(Data for this task)

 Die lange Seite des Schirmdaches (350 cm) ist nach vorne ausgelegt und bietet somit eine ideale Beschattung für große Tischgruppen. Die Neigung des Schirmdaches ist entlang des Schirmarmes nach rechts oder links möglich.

(End Data for this task)
(Data for this task)

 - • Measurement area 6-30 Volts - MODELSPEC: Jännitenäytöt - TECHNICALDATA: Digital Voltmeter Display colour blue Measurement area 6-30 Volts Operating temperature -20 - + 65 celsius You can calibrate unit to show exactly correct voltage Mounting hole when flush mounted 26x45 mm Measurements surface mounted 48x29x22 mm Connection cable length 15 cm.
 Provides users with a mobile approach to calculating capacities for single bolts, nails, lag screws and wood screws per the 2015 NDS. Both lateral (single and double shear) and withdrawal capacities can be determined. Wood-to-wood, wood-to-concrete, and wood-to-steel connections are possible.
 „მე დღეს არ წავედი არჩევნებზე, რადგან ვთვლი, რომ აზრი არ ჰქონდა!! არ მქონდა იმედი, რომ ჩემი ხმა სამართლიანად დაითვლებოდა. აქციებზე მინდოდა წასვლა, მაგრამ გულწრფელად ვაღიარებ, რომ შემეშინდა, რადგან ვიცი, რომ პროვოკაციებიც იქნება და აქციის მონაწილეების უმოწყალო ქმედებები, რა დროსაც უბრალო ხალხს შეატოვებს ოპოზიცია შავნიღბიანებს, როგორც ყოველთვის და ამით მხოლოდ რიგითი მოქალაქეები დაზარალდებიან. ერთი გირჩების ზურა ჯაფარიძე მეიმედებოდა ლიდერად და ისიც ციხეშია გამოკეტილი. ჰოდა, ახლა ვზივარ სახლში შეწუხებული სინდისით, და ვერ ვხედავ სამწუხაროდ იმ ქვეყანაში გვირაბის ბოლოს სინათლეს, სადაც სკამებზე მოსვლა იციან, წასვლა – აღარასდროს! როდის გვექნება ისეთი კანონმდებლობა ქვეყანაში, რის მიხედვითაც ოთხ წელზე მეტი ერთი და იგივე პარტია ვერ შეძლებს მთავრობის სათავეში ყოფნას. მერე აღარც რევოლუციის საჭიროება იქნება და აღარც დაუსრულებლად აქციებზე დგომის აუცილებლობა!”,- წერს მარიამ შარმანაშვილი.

(End Data for this task)

* _Task directions_:
From the listing above, repeat exactly the lines starting at the line that includes "- • Measurement" and ending at the line that includes "Provides users with", with nothing outside that span.

* _Exercise output_:
 - • Measurement area 6-30 Volts - MODELSPEC: Jännitenäytöt - TECHNICALDATA: Digital Voltmeter Display colour blue Measurement area 6-30 Volts Operating temperature -20 - + 65 celsius You can calibrate unit to show exactly correct voltage Mounting hole when flush mounted 26x45 mm Measurements surface mounted 48x29x22 mm Connection cable length 15 cm.
 Provides users with a mobile approach to calculating capacities for single bolts, nails, lag screws and wood screws per the 2015 NDS. Both lateral (single and double shear) and withdrawal capacities can be determined. Wood-to-wood, wood-to-concrete, and wood-to-steel connections are possible.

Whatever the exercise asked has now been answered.